COPENHAGEN -- The U.N. global warming summit became a myth long before it happened. By the time it closed with a compromise to acknowledge a U.S.-brokered accord, the two weeks of intrigue, chaos and divisiveness had shattered for many the idealized notion of a global consensus to tackle climate change.
The week started with a maneuver by the tiny island nation of Tuvalu to block work until it could be assured the 1997 Kyoto Protocol would be preserved as leaders tried to craft a new climate pact. It ended with Venezuela and Sudan leading resistance against a compromise, forcing an all-night fight.
At the tortured end of the process, all countries but five agreed to "take note" of the nonbinding Copenhagen Accord molded by the United States, China, Brazil, South Africa and India. In the accord, the major emitters promise to cut emissions, note the pledges in a global registry and submit to international verification.
"It was a zoo," Natsource Managing Director Dirk Forrister said, emerging from the plenary after country leaders waging the 10-hour battle finally agreed to lay down their microphones and fly home.
The U.N. process, which works by consensus, and in which one dissenting nation has the power to hit the pause button on a global summit, "didn't seem to work well this time. Nobody felt good about it," Forrister said. "This was a really pivotal moment in climate diplomacy where a small band of opponents could oppose something everyone else wanted."
He's hardly the only one raising questions in the wake of Copenhagen climate talks about the United Nations' role.
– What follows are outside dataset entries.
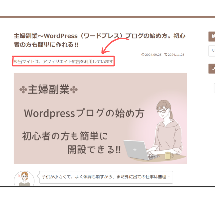 アフィリエイトなどを利用する場合は、「景品表示法に基づく表記」などの注意事項がありますので設定してから始めましょう。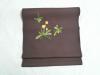 チョコレート色の塩瀬地にかわいらしくタンポポが刺繍されています。濃い地色にタンポポの黄色と葉の緑色が映えます。春になると薄い色のお着物が増えてくるので、濃い地色の帯でぐっとしめるとオシャレですね。どんな小物を使うのか考えるとワクワクしてきます。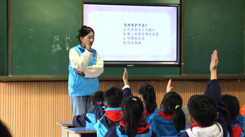 志愿者们通过口腔健康PPT演示、口腔知识问答竞赛、牙齿结构绘画大赛等形式,绘声绘色地介绍了有关儿童牙齿发育的各类知识,生动有趣地向孩子们普及了口腔健康知识,让孩子们在寓教于乐中学会了保护牙齿的方法。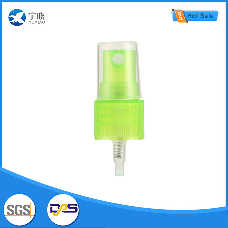 Насос-распылитель из зеленого пластика для мелкодисперсного тумана с прозрачной крышкой — это профессиональный компонент, широко применяемый в системах упаковки косметической продукции.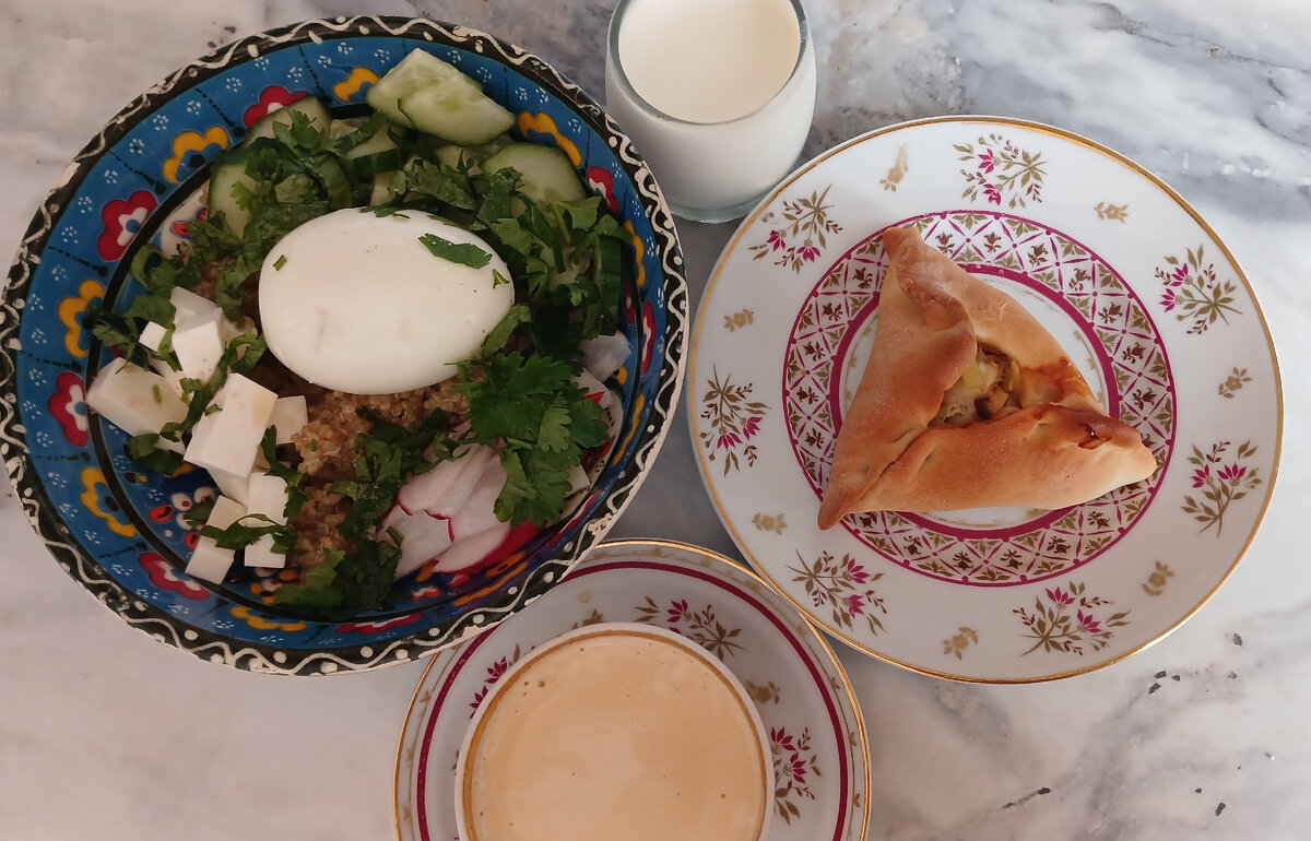 О моих запасах продуктов и бюджете на питание в июне можно почитать ЗДЕСЬ Каталог рецептов Покупка продуктов №1 -Магнит, Озон, Вкусвилл, Мегамаркет, Дикси Покупка продуктов №2 - Магнит, Черкизовский МК, Мегамаркет, Смарт, Вкусвилл, рынок Завтракаем боулом, как обычно в среду. Основа - киноа, к крупе добавила яйцо, редис, огурцы, фетаксу, кинзу, кунжутное масло. Еще пирожок с курицей и кофе с панна коттой на обед - очередной вариант холодного супа на кефире. На этот раз сделала райту. Супы разные по набору овощей, и вкус тоже разный у них получается. Тут вареные картофель и морковь, огурец, редиска, укроп. Все заливается кефиром, специи добавлять обязательно. К супу еще курники и вкусные помидоры махитос После обеда на десерт нектарин, чашка кофе и панна котта На ужин на скорую руку приготовила вермишель по-армянски, были колбаски (вчера готовила) и помидоры Вермишель покупала очень дешевую - за 15 руб/пачка. Приготовила даже не всю пачку, еще немножко осталось. Итого стоимость всего г

"This process is not particularly well-suited for the problem it's supposed to confront," said Michael Levi, climate and energy expert at the Council on Foreign Relations. He called the complexity of engineering 193 countries to discuss not just reducing emissions, but also leveraging financing, technology and a range of other issues, "forbidding."
Possibility of alternate forums
Even Andrew Light, climate policy coordinator at the liberal Center for American Progress, is openly questioning the United Nations now, telling Reuters over the weekend that "we need to start investigating other options, or at a minimum start using some alternative forums."
The alternatives being pitched: the Major Economies Forum, which brought together the world's leading greenhouse gas emitters, including China, India, Brazil, South Africa, Indonesia and major industrialized countries and blocs like the United States, the European Union, Australia, Canada, France, Germany, Italy, Japan, Korea, Mexico, the United Kingdom and Russia. It might also involve bilateral agreements, the Group of 20 or regional groups, Levi said.
"The idea that one institution can do all the work flies in the face of not just the last two weeks, but a basic analysis of the problem," he said. Levi and others argued that while the United Nations may be a key forum to address a range of climate issues, the main work of coordinating emission reductions may fall into the hands of the biggest global warming polluters.
That comes close to the take Republicans have had for some time, and in fact, former President Bush launched the Major Economies Forum (then known as the Major Emitters Forum) as a possible coalition to work outside the U.N. process. Rep. Joe Barton (R-Texas) questioned while he was there Copenhagen's underlying premise that the world needs a U.N. climate pact.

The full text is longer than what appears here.